— Конечно, — соглашается Николаев, — в целом изменить не может. Но на какой-то из важнейших этапов этой операции повлиять сможет. И причем существенно. Внезапный удар… Не шутка! Опасность этого удара никто не может предопределить, пока мы не знаем, откуда его ждать. — Николаев опять поворачивается к Тагильцеву. — Дайте мне район сосредоточения этого корпуса невидимки. Кровь из носу, а дайте! Дадите — сумеем сделать из него лапшу. Нынче сил у нас на это хватит!
— Дадим, — уверенно говорит Тагильцев. — Дайте время — дадим.
— Нет, дорогой полковник, — жестко усмехается Николаев, — времени-то как раз нам ныне и не дано. Все предоставлено: люди, оружие, техника, а времени — нет! Больше трех дней не даю. Извольте через три дня членораздельно доложить о новом местоположении этого резервного корпуса.
— Постараемся, — менее уверенно произносит Тагильцев и вновь угрюмо косится на тусклое окно.
— Что вы думаете предпринять? — уже по-деловому спокойно спрашивает Николаев.

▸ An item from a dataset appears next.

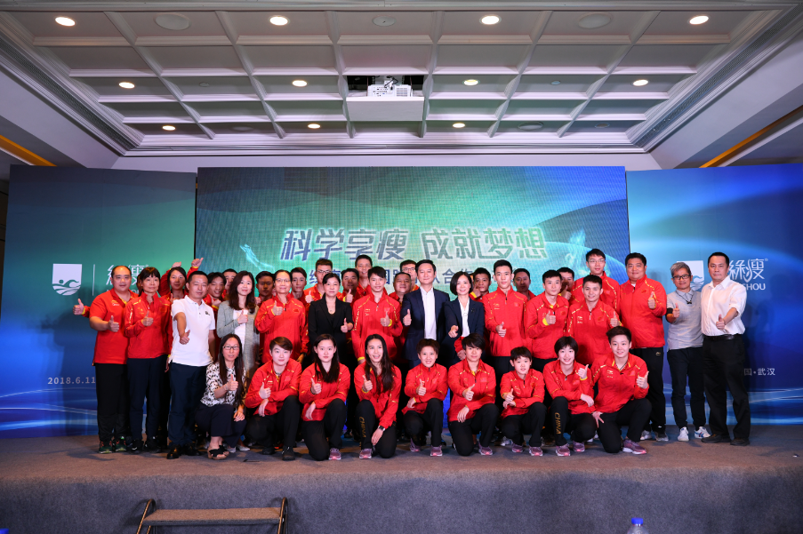 中國(guó)跳水隊(duì)與綠瘦高層合影,綠瘦攜手中國(guó)跳水隊(duì) 科學(xué)助力健康中國(guó)夢(mèng)

— Предприняли. Сегодня ночью в тыл к немцам дополнительно заброшено несколько разведгрупп. Поскольку метеослужба летной погоды на ближайшие дни не обещает, то основные надежды возлагаю на радиоперехватчиков.
— Это почему?
— Погодка-то… — Полковник кивает на окно. — Снег, холода… Немцы не большие охотники прокладывать телефонные линии в таких условиях. Да и по логике вещей едва ли найдется у соединений, только что произведших передислокацию, достаточное количество кабелей и проводов для прокладки десятков километров новых линий. К тому же местность изрезана балками, стройматериалов нет. Тут вся надежда на радио. В этом деле немцы мастаки.
— Допускаю, — соглашается командующий.
— Потому будем надеяться, что, заняв новый район, соединения корпуса начнут отрабатывать радиосвязь. Ну, а поскольку их станции выйдут в эфир — наши радиоперехватчики быстро их обнаружат.
— Вы уверены?
— Уверен.
— Кто у вас руководит этим делом?
— Майор Савушкин. Командир батальона фронтовой радиоразведки.
— Молод?
— Тридцать лет.
— Опытен? Грамотен?
— Чрезвычайно! — неожиданно произносит Сталемахов. — Мне пришлось убедиться в способностях Савушкина еще под Москвой. Его данные были всегда безупречны. Отличный специалист и командир. Думающий.
— Ну, тут у меня перед вами преимущество, товарищ генерал. — По блеклым губам Тагильцева проскальзывает подобие улыбки. — Я знаю Савушкина несколько раньше… — Он на мгновение замолкает, потом признается; — По чести говоря, я был счастлив получить такого исполнителя в свое распоряжение.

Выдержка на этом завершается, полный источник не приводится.